“This house has good bones,” I say to Nick, as we lay on a futon mattress in what will someday be our bedroom, looking up at the framing of our house.
It smells like fir and sawdust; and though its midnight, its June in Alaska, still light enough to see the beam-work. To see the various angles of wood. And the space in-between.
I can see Olive asleep on her mattress, two rooms away, a bathroom between ours and hers, no drywall yet to separate us.
"Will we always be able to walk through the walls?” she asked earlier, as her small hands held the posts and she swung between rooms.
“No we’ll fill them in eventually.”
“Please can we just leave one open so I can sneak through? Please Mom, please!”
An open wall, what a concept-- a passageway for children, for light, a way to escape, a way to connect.
A wall that is not a wall.
A pliable boundary with openings for air, for thought, for change. Nothing is fixed, no block insurmountable, no opinion stone.
Oh, to be seven, when the best kind of walls are ones you can still sneak through.
I keep thinking about this house of ours like a body, the skeleton constructed, sturdy, strong, just waiting for the organs of plumbing for fluids, the muscle of electrical wires for power.

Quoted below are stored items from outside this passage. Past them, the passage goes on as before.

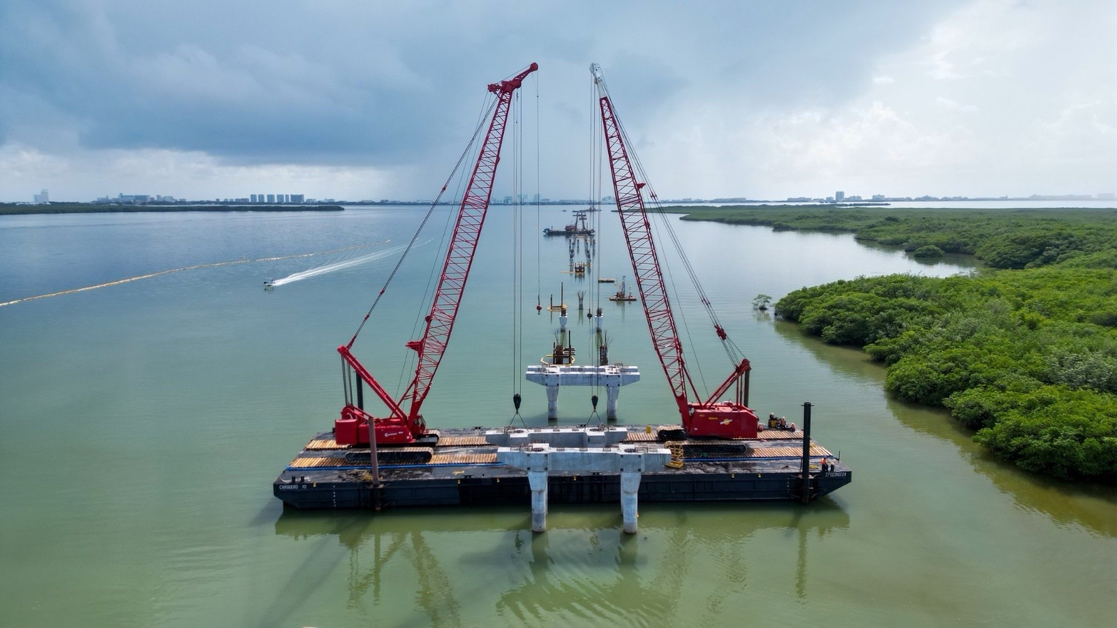 En la actualidad se han instalado 126 pilotes de los 226 que deben ser colocados sobre el Sistema Lagunar Nichupté, dando un avance de casi el 40 por ciento en obra.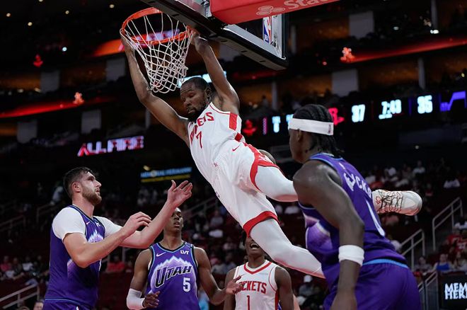 北京时间10月9日,NBA季前赛火箭主场对阵爵士,杜兰特迎来加盟火箭首秀。火箭在开局落后10分情况下,阿门、申京与杜兰特率队强势反扑,尤其是二三两节连续单节轰下40+得分逆袭。...
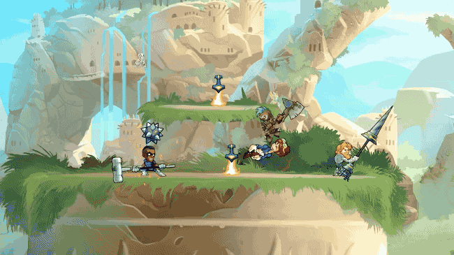 Brawlhalla is a slick Smash Bros-esque multiplayer arena brawler with beautiful hand drawn animation and fast paced battles between ninjas, aliens, Vikings, pirates, cowboys, werewolves, androids, knights and superheroes.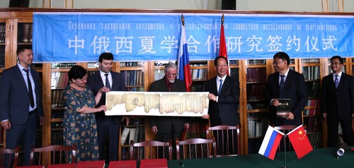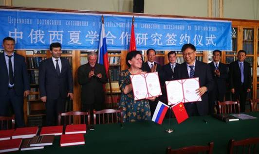 2018年8月5日,中俄西夏学合作研究签约仪式在俄罗斯圣彼得堡举行,宁夏大学中俄西夏学联合研究所和俄罗斯科学院俄中西夏学联合研究所签订了新一轮合作协议。宁夏回族自治区党委书记石泰峰、中国驻圣彼得堡总领馆副总领事张树友、俄罗斯科学院院士缅希科夫(Vladimir S. Myasnikov)、圣彼得堡市外事局副局长阿布巴卡罗夫(ArbiA. Abubakarov)、俄罗斯科学院东方文献研究所所长波波娃等参加了签约活动。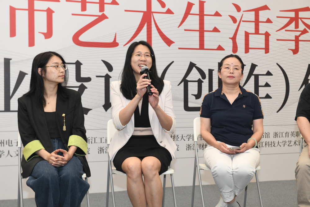 我校图书馆副馆长赵丹代表高校图书馆参与现场沙龙。她表示高校图书馆作为公共图书馆和艺术设计学院的桥梁,有责任搭建类似的平台,让更多的高质量教学科研成果反哺社会,也让更多社会资源进入高校体系,激发和提升高校的教学科研水平。最后,她对本次展览的圆满举行表示祝贺,也期待今后能继续三方协作的良好机制,让更多高质量展览走进杭州市民生活,为杭州这座艺术之都做最美的注解。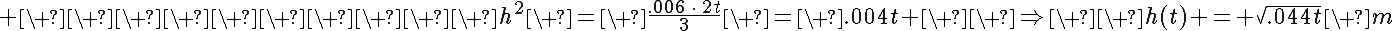 b) If water is pumped into the empty trough at the rate of 6 L/min, find the water level h as a function of the time t after the pumping begins. (1 m^3 = 1000L)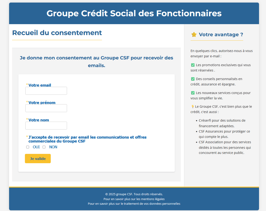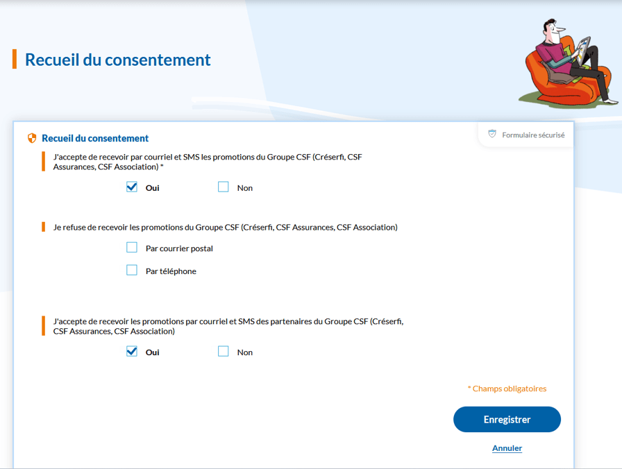 - Le particulier accèdera alors au formulaire de recueil du consentement.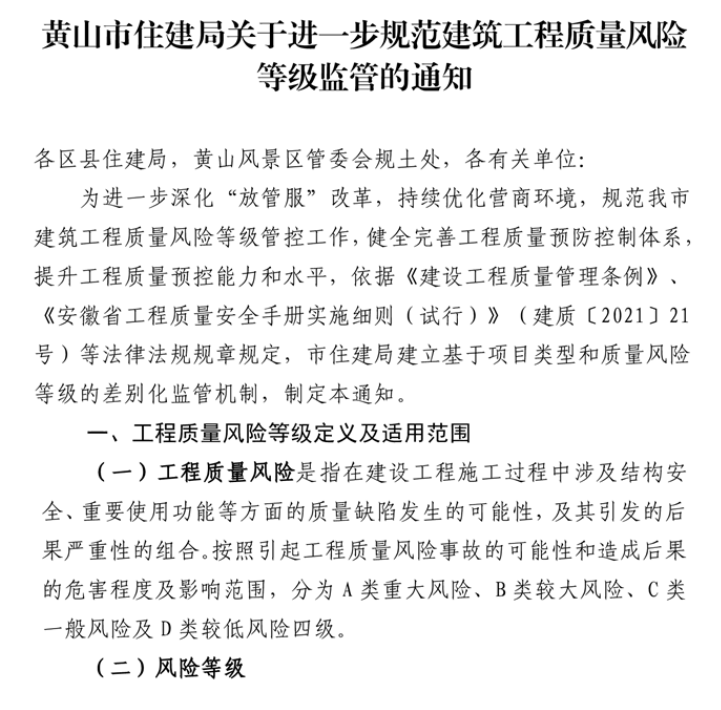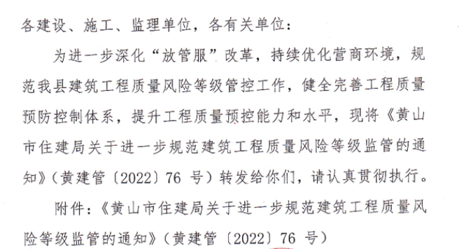 【优化营商环境】休宁县住建局关于转发《黄山市住建局关于进一步规范建筑工程质量风险等级监管的通知》的通知

Next comes the fat, insulation to keep us warm on winter nights, when the thermometer falls below zero, when the snow doesn't even think about melting.
Warm in a summer like this one, when rain takes center stage, when we have yet to see a long stretch of sunshine and warmth like the past few years that saw us Alaskans spoiled by actual heat, stripping off layers, exposing our white skin, walking with bare feet across black sand.
Not this summer, where I have yet to stop wearing my winter jacket, boots and hats. Where puddles surround our house, the ground churned over for construction, the only grass growing unwanted in my garden beds. Where I wake up cold and stay chilled indefinitely.
Which leads me to the heart of our home, our soon to arrive wood stove, that will burn Spruce we felled over the years as we cleared this land, pumping warm air to the various chambers of our house designed to let the heat rise.
“You could have built another room upstairs,” some folks say when they see the design, with nothing but open air above the living room till the rafters that hold up our green metal roof.
Ah, but I want room to breathe, an open airy home, a spacious body to hold mine, bones and all-- so I can continue to shape-shift, to stretch beyond what I ever thought possible.
So I can sneak through the walls that attempt to contain me, swing from one space to the next.